YOUR OBJECTIVE
When you reach the line that contains "Custom safe condition" in the data below, start reproducing lines exactly, and stop after the line that contains "Элитная итальянская скатерть".

Top of RECORDS TO PROCESS

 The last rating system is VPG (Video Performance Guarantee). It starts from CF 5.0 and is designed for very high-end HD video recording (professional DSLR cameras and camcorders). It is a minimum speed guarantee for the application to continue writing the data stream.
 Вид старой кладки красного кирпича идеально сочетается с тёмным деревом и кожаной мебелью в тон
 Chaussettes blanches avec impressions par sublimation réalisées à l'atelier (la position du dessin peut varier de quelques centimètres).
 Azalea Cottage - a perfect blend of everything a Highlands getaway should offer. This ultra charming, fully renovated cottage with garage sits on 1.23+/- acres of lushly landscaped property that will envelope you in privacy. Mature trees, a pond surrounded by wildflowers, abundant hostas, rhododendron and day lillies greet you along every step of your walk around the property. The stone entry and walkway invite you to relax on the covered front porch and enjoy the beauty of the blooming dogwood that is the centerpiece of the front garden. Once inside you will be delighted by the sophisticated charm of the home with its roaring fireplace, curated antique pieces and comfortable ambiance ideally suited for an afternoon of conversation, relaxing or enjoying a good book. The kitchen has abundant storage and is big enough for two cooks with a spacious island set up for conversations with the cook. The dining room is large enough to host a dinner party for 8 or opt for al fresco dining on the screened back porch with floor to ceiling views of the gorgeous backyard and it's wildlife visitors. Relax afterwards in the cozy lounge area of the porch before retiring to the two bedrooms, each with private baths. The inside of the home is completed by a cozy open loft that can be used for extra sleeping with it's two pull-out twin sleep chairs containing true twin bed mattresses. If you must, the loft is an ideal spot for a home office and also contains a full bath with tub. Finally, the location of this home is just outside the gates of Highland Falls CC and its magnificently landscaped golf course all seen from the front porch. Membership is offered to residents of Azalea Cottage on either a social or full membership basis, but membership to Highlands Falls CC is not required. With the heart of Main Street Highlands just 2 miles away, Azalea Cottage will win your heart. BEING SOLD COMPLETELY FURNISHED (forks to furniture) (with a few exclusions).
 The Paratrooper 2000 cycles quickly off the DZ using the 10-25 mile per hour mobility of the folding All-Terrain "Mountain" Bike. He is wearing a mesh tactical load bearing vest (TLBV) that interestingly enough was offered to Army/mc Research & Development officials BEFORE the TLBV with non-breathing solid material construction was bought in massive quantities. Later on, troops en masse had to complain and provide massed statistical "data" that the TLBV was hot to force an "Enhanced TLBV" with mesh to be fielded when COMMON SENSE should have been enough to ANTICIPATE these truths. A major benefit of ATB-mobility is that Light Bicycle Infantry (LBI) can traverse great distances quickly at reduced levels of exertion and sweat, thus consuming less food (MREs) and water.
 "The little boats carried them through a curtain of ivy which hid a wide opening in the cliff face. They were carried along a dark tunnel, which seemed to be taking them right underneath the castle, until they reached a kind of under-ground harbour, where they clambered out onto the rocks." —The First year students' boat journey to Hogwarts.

Bottom of RECORDS TO PROCESS
Top of RECORDS TO PROCESS

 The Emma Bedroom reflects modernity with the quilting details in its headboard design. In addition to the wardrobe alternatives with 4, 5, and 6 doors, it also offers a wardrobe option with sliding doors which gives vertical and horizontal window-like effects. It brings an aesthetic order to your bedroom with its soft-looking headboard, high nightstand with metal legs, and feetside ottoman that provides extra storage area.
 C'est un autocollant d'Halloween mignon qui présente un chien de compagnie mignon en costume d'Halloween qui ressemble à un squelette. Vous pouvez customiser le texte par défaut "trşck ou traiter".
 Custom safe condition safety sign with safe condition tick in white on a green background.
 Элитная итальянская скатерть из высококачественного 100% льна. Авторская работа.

Bottom of RECORDS TO PROCESS
Top of RECORDS TO PROCESS

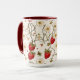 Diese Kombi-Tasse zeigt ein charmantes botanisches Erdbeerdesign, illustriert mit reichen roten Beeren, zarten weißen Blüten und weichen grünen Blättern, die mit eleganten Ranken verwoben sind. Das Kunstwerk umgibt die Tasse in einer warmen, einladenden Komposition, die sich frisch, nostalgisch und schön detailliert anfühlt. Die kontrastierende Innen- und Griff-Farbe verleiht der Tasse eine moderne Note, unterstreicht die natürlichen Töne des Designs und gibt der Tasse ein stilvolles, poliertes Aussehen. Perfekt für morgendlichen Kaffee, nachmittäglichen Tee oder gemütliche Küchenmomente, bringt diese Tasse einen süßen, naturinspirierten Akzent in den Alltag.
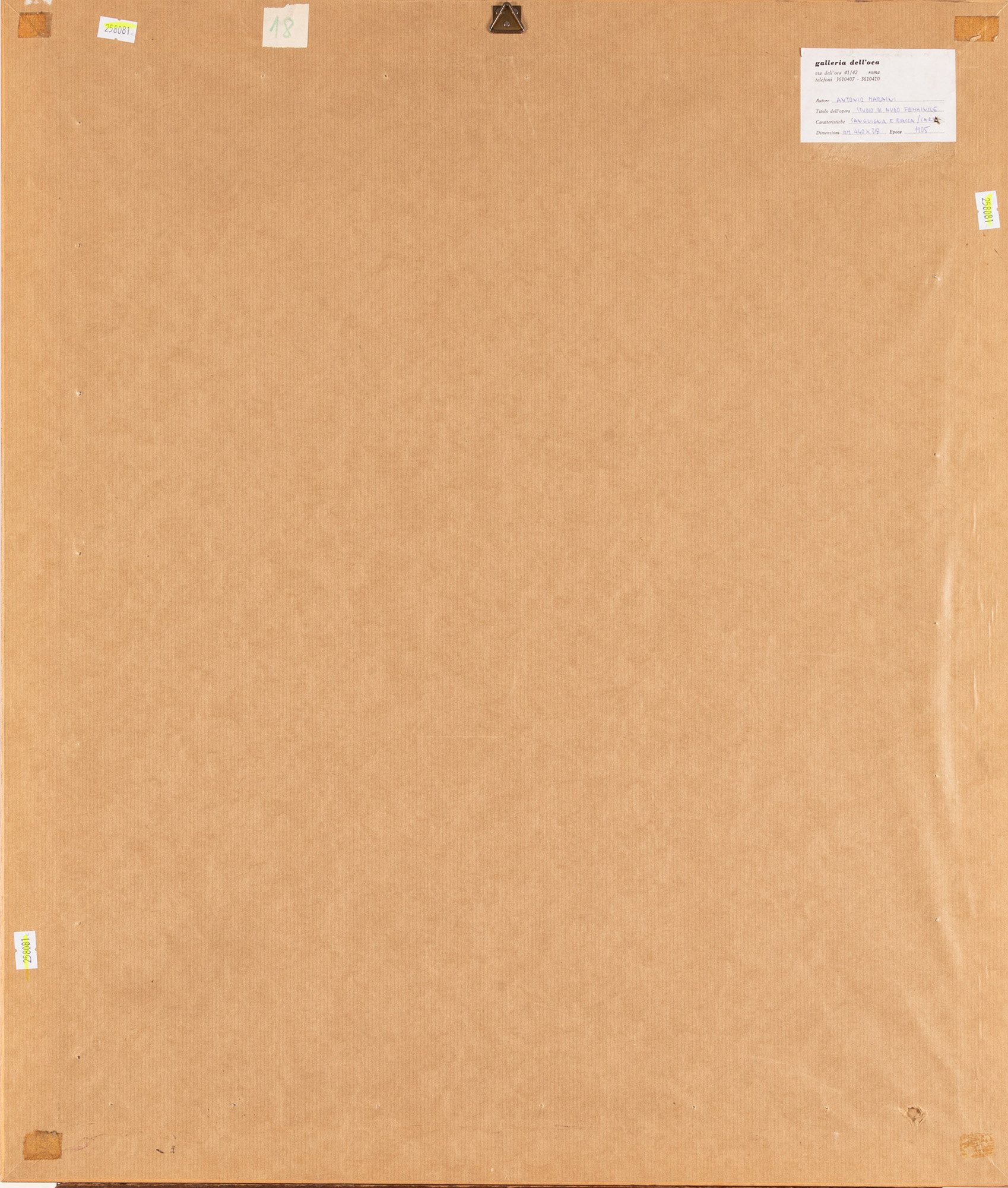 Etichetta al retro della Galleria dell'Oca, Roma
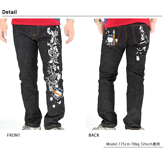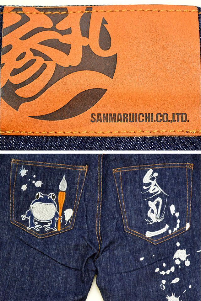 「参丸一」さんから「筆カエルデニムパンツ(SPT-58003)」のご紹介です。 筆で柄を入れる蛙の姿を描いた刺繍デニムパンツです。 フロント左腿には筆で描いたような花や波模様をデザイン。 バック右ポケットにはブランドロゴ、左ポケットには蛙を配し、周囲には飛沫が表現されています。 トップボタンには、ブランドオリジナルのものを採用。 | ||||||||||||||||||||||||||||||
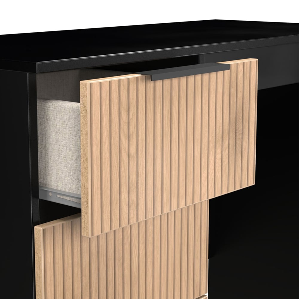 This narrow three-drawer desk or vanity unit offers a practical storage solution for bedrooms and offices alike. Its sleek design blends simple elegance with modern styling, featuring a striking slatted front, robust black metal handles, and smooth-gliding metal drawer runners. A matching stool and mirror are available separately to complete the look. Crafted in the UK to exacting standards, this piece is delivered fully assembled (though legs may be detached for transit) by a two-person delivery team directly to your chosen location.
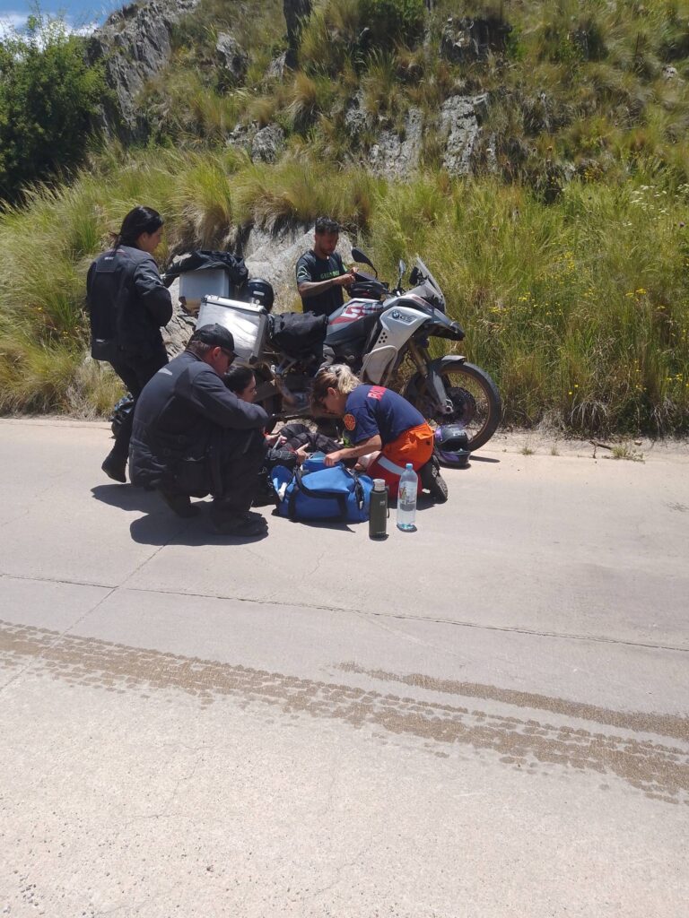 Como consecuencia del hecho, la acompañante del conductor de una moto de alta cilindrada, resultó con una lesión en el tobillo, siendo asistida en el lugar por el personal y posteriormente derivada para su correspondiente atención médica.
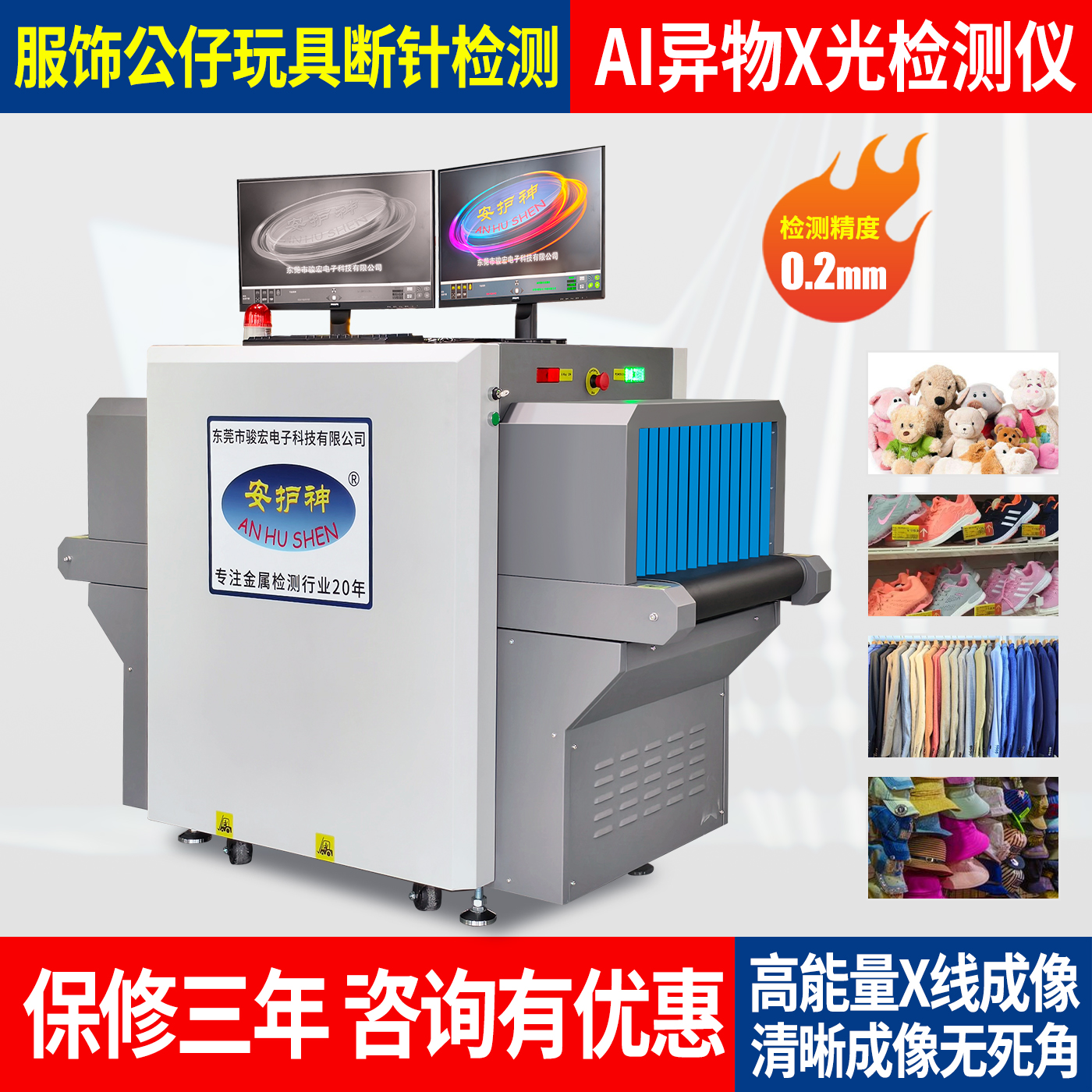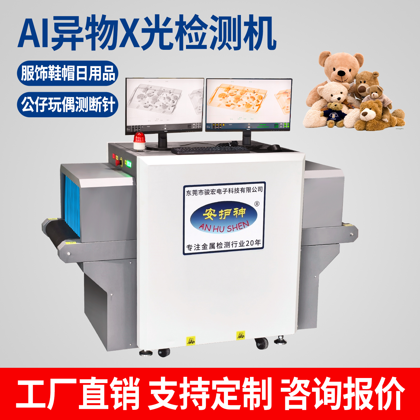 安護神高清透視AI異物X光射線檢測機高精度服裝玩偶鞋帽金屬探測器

Bottom of RECORDS TO PROCESS

EXPECTED ANSWER
 Custom safe condition safety sign with safe condition tick in white on a green background.
 Элитная итальянская скатерть из высококачественного 100% льна. Авторская работа.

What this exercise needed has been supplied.